Re: CuteSV (Was: PyEnsembl - how does that help us?)

2021-05-23 Thread Steffen Möller

Am 23.05.21 um 14:26 schrieb Steffen Möller:
> Am 23.05.21 um 00:02 schrieb Nilesh Patra:
>> On 5/23/21 2:54 AM, Andreas Tille wrote:
>>> On Sat, May 22, 2021 at 09:10:46AM +0200, Andreas Tille wrote:
 On Fri, May 21, 2021 at 09:26:48PM +0200, Steffen Möller wrote:
> If someone needs a stimulus to package something - cuteSV
> (https://github.com/tjiangHIT/cuteSV), please.
 I gave it a kickstart while sitting in the train (which will be
 offline soon).  Everybody can feel free to add own ID to Uploaders
 and finalise.  There is no build time test running now and no
 autopkgtest.  Data to test / benchmark are included - so this
 should be feasible.
>>> I just packaged the precondition python3-cigar and uploaded to new.
>> I wrote a sample autopkgtest for cigar (basically used the same thingy in 
>> the readme)
>> and did a few minor changes.
>>
>> I have no idea about autopkgtests for cutesv - I lack the pre-requistites 
>> here and probably only Steffen can help here.
>>
>> PS: Please check and upload vbz-compression whenever you have time (after 
>> two days as you wrote would be fine anyway)
>> I'll be inactive/be away for a couple of days (wish to take a break :-))
> Thank you both, you are amazing!
>
> CuteSV is part of the
> https://github.com/nanoporetech/pipeline-structural-variation that I
> plan to run when first Nanopore reads surface in my inbox next week. You
> compare against a reference genome to run this, which we do not have in
> Debian, so, yes, we should think of some tests, but we should also find
> a way to perform such tests for other packages.
>
> This kind of leads to a follow-up question - we could have a "test
> package" that offers a fraction of the human genome, like the Y
> chromosome and a second - chromosome 22 maybe. That would not be too big
> and we can test with it. It would also be a bit meaningless, though. And
> for testing we do not need anything to be human (or real) in the first
> place. We could generate our own mini-genome or instead (which I would
> prefer) go for something small that is real, like yeast (for
> eukaryotes), E. coli (for bacteria), we ignore archea, and then .. there
> is https://www.ncbi.nlm.nih.gov/nuccore/CP014940 , i.e. that data fr C.
> Venter's
> https://www.jcvi.org/research/first-minimal-synthetic-bacterial-cell,
> which may be interesting to be distributed with an Open Source
> distribution.
>
> While there is always something novel found also for these genomes for
> which the genomic DNA is long known, we do not much harm by distributing
> such genomes. Professional researchers will update them, anyway. The
> same holds for the human genome, but it is a bit larger and we should
> possibly make our experiences with the smaller genomes, first.
>
> I'll let this think in for another while and then likely extend getData
> to deal with these genomes and auto-generate native Debian packages with it.
>
> Ok - back to some real work and I'll have a closer look at that pipeline.

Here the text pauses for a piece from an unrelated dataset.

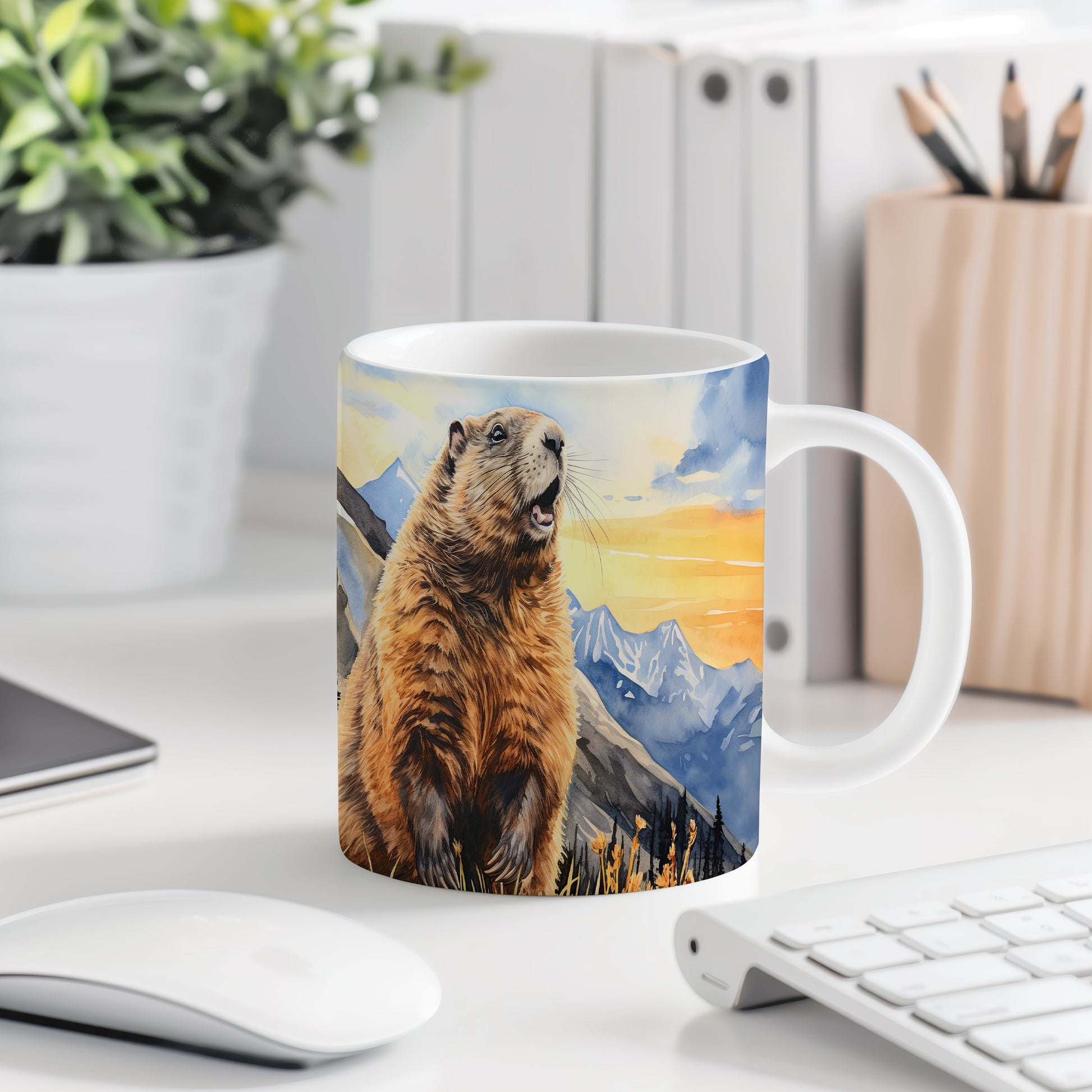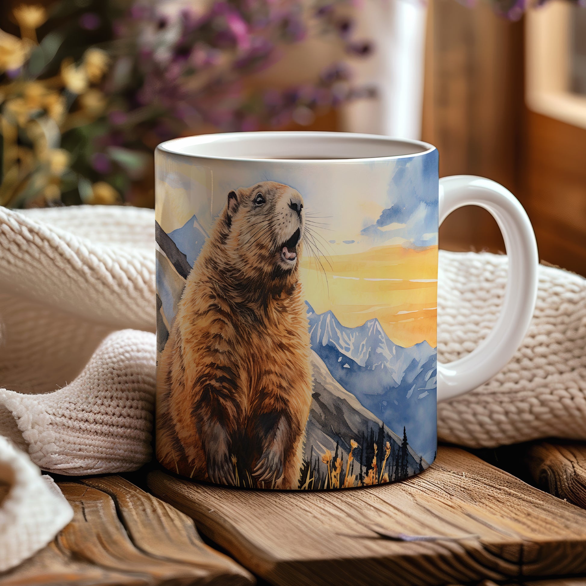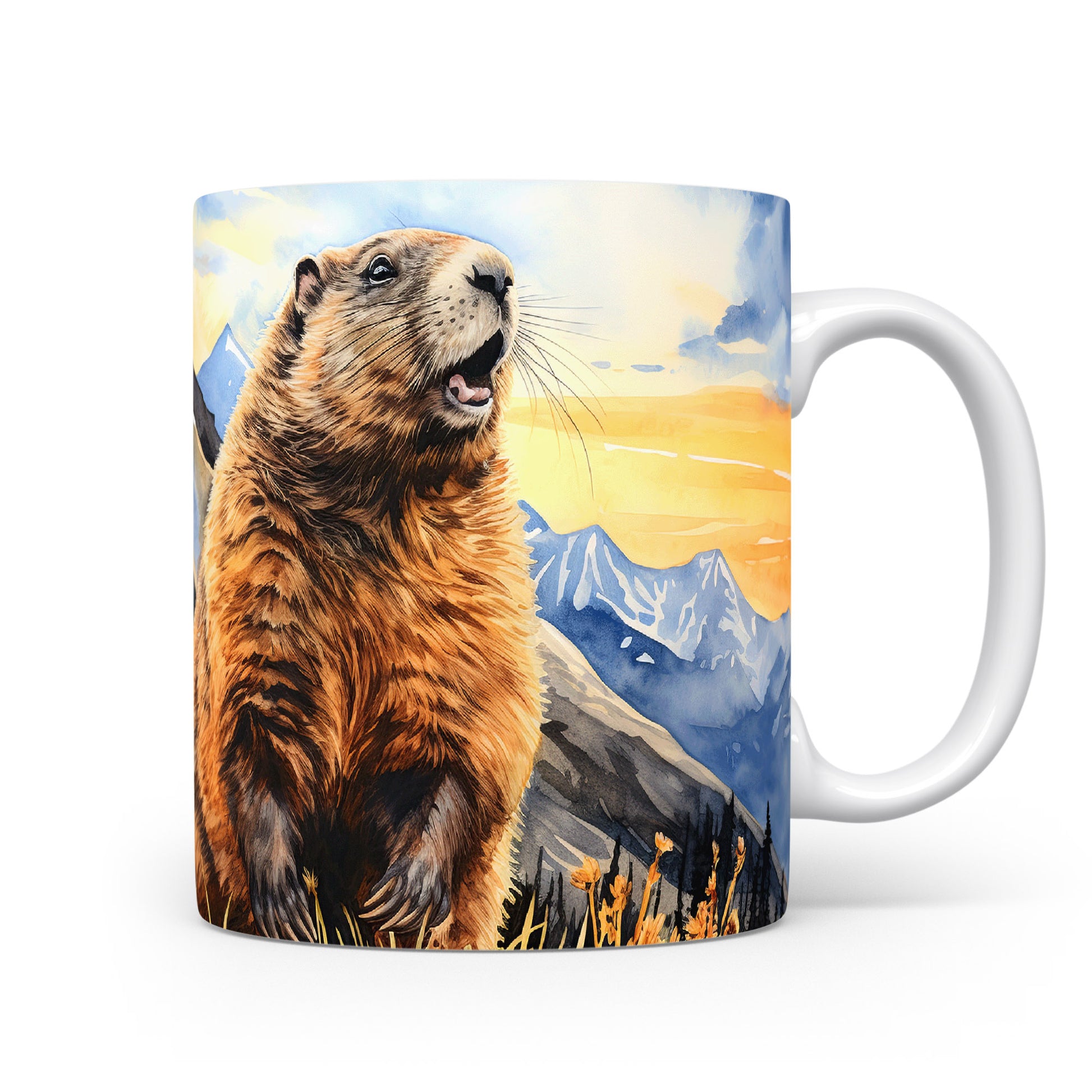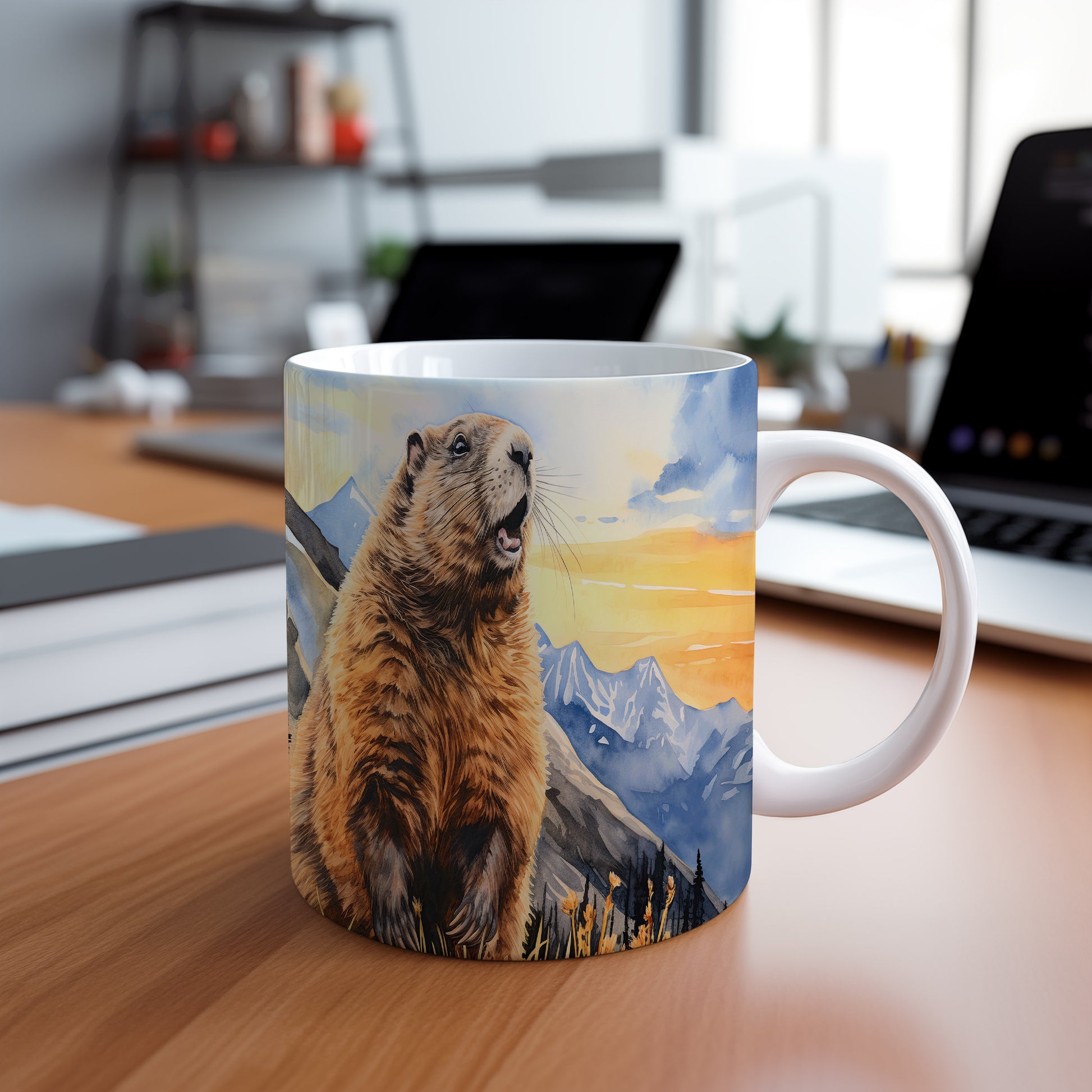 Tento originální hrnek zobrazuje veselého sviště na pozadí horské scenérie při západu slunce. Je ideální pro milovníky přírody a skvělým dárkem pro každého, kdo si rád vychutná ranní kávu nebo čaj. Materiál: keramika. Objem: 330 ml. Vhodné do myčky i mikrovlnky. Díky svému designu přináší radost do každého dne.

I just went through their snakemakefile. To get this running, we need

* catfishq
https://github.com/philres/catfishq

* lra (long read aligner)  https://github.com/ChaissonLab/LRA

* truvari https://github.com/spiralgenetics/truvari/

* add the scripts to libvcflib1/new package vcflib-scripts

Catfishq looks straight-forward, I'll just go and adress that. LRA is a
meson build with "subprojects" that wrap other bits. Truvari drags in a
few python packages that in part we do not have, yet . Have added that
info to the Nanopore tab on
https://docs.google.com/spreadsheets/d/1tApLhVqxRZ2VOuMH_aPUgFENQJfbLlB_PFH_Ah_q7hM/edit#gid=1806578173

Best,
Steffen




Re: CuteSV (Was: PyEnsembl - how does that help us?)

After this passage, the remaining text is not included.